Dink ailesinin 11 Mayıs 2011’de Dışişleri Bakanlığı İnsan Hakları Direktörlüğü’ne verdiği, Dışişleri’nce Adalet Bakanlığı ve İçişleri Bakanlığı ile Yargıtay Başsavcılığı’na iletilen mektupta ise AİHM kararının icrası için yapılması istenenler şöyle sıralandı:
* Dink’e suikast girişiminde bulunulacağının bilindiği halde tedbir almayan görevliler ile örgütlü suçtan yargılanan sanıklar arasındaki bağın ve örgüte verilen desteğin savcılar tarafından araştırılması.
* Soruşturmayı ve faillerin cezalandırılmasını engelleyenler hakkında cezai yaptırım uygulanması.
* Cinayeti işleyen kişi ve azmettirenler arasındaki bağın ortaya çıkarılarak azmettirenlerin de cezalandırılması.
* Katile kahraman gibi davrananların ve delilleri karartmaya çalışanların cezalandırılması.

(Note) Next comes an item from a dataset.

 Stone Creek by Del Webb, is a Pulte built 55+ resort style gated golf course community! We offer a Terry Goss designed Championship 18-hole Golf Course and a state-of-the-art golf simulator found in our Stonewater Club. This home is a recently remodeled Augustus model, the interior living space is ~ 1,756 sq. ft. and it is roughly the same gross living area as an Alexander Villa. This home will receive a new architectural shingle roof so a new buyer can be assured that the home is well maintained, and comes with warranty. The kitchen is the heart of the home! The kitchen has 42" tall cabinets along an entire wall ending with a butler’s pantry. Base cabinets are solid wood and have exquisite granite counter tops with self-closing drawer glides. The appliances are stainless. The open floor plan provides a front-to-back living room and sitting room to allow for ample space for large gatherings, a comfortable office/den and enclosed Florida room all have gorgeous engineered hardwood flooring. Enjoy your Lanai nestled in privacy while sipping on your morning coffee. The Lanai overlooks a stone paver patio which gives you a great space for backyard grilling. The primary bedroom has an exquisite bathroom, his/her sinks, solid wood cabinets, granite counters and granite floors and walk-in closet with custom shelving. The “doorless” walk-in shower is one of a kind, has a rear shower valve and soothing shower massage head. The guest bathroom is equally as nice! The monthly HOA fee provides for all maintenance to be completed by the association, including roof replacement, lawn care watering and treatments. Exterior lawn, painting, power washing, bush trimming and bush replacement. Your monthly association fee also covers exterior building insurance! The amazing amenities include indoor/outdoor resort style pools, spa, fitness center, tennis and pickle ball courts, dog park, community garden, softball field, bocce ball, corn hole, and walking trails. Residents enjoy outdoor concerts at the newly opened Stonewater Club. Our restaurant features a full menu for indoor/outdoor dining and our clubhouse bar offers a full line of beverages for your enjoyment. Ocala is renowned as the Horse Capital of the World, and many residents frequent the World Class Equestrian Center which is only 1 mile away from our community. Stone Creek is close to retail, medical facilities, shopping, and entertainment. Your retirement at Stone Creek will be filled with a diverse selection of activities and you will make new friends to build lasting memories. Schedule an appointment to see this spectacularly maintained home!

* Cinayetin arkasında yatan gerekçelerin daha derinlemesine incelenmesini, ırkçı ve etnik ayrımcı önyargılara göre işlenen bu cinayetin bir örgüt işi olduğu göz önüne alınarak çok daha dikkatli ve titizlikle incelenmesi.

Haberin Devamı

Devletin komik ‘önlemleri’

Dışişleri Bakanlığı’nın 27 Mayıs 2011 tarihli yazısında Adalet Bakanlığı tarafından yapılacağı belirtilen önlemler şöyle sıralanmıştı:
* Dink hakkında mahkûmiyet kararı veren Şişli 2. Asliye Ceza Mahkemesi’ne AİHM kararının duyurulması ve karara Mahkeme’nin dikkatinin çekilmesi.

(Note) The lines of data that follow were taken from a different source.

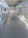 2024 Sooner 7.6 wide 28ft long with 2 center divide gates with sliders first gate is 6ft back from drop wall and second gat is centered in the remaining stock area making two 12ft compartments slam latches on all gates, 54 inch wide side 4wheeler/escape door, Tandem 8000lb torsion axles with 17.5 steel wheels and 16ply tires with brakes at all 4 wheels, drop covered vents under gooseneck 3/8 YEAR WARRANTY
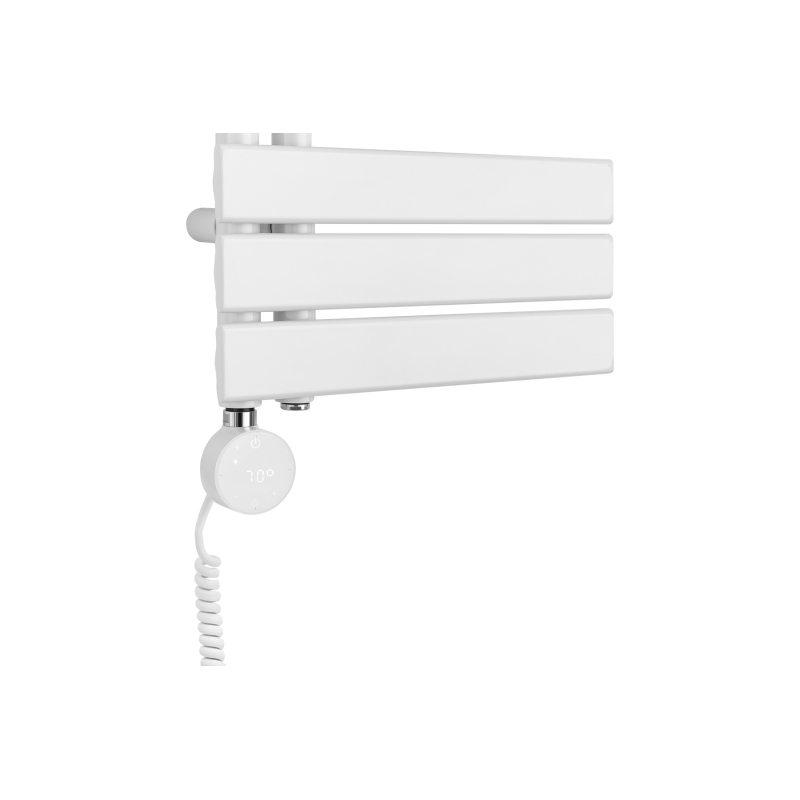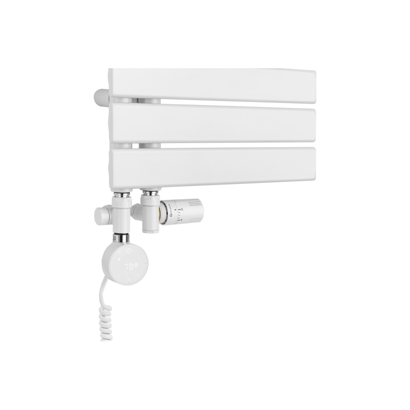 Grzejnik łazienkowy Uncommon Asymmetrical 700x400 w kolorze białym to stylowe rozwiązanie do nowoczesnych i funkcjonalnych wnętrz. Charakterystyczny układ poziomych profili, przesuniętych asymetrycznie na jedną stronę, łączy minimalistyczną estetykę z wygodą użytkowania. Dzięki otwartej konstrukcji umożliwia szybkie odwieszanie ręczników i sprzyja utrzymaniu porządku w codziennej rutynie. Model dostępny jest w wersji wodnej, elektrycznej lub hybrydowej, co pozwala dopasować go do stylu życia domowników i rytmu sezonu. Posiada dolne podłączenie o rozstawie 50 mm z możliwością wyboru strony.
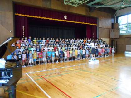 今日体育館で素晴らしい歌声を2年生が、披露してくれました。体育館中に元気な歌声が響きました。曲目は、「世界中の子どもたち」です。とても元気の出る曲です。今日一日、元気な気持ちで、過ごせます。
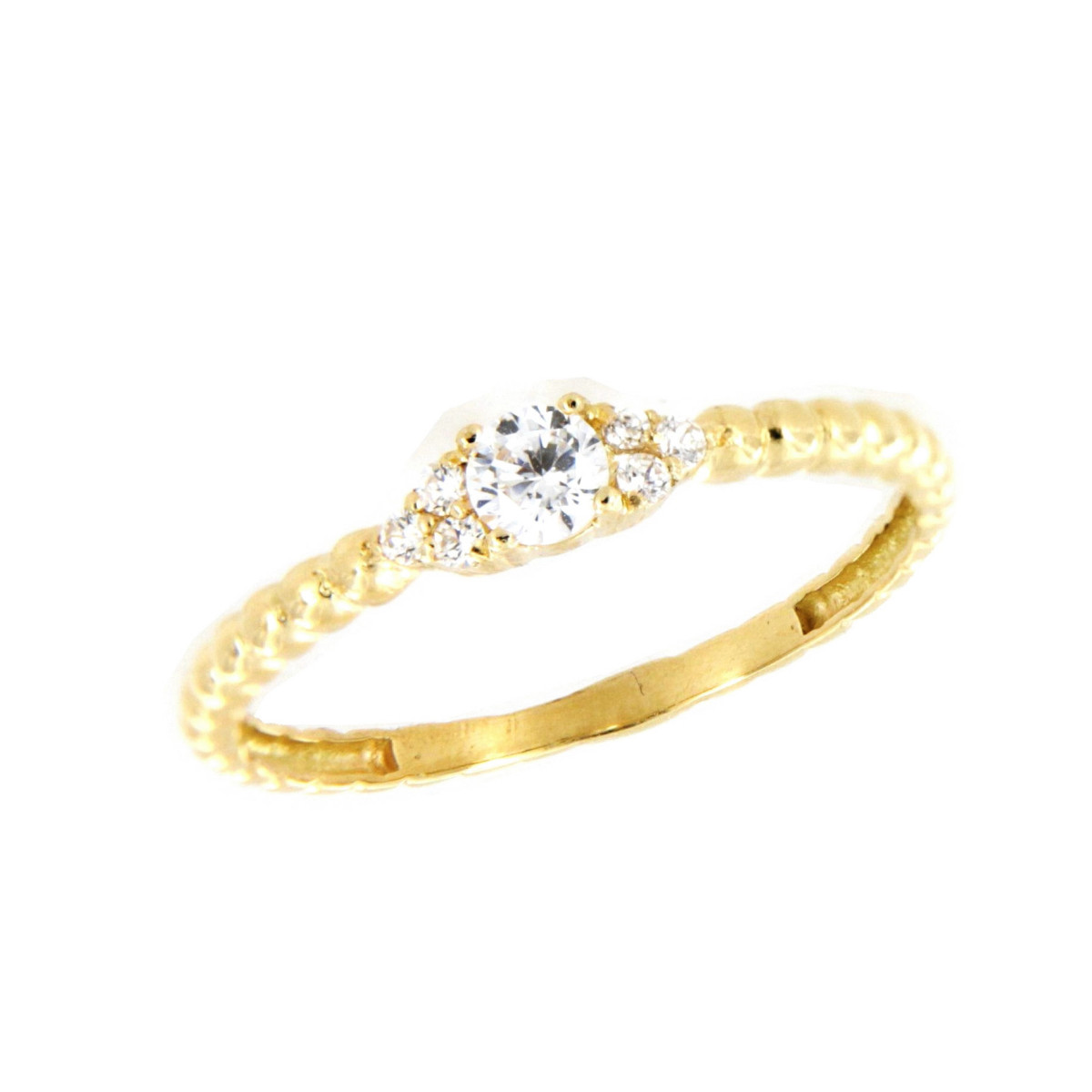 Sortija de 3,2 mm de Ancho, Brazo de 1,80 mm. Fabricada en Oro Amarillo 18 kt y Engastada Con Circonitas
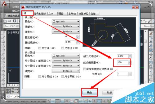 6、然后点击“线”,在线栏目下,点击“起点偏移量”将起点偏移量设置大一些,设置技巧为与绘制的图尺寸相当,这样标注偏移就会明显一些,然后点击“确定”。

* AİHM kararının Adalet Bakanlığı web sitesinde ve yargı bülteninde yayımlanması.
* Adalet Bakanlığı Eğitim Dairesi Başkanlığı’na söz konusu kararın gönderilmesi.
* Dink’in mahkûm olduğu TCK 301. maddenin AİHM içtihatları doğrultusunda uygulanmasına yönelik meslek içi eğitim çalışmaları, çalıştay ve seminer düzenlenmesi konusunda Adalet Akademisi ile işbirliği yapılması.
* 301. maddeye ilişkin istatistiklerin Ceza İşleri Genel Müdürlüğü’nden temin edilmesi.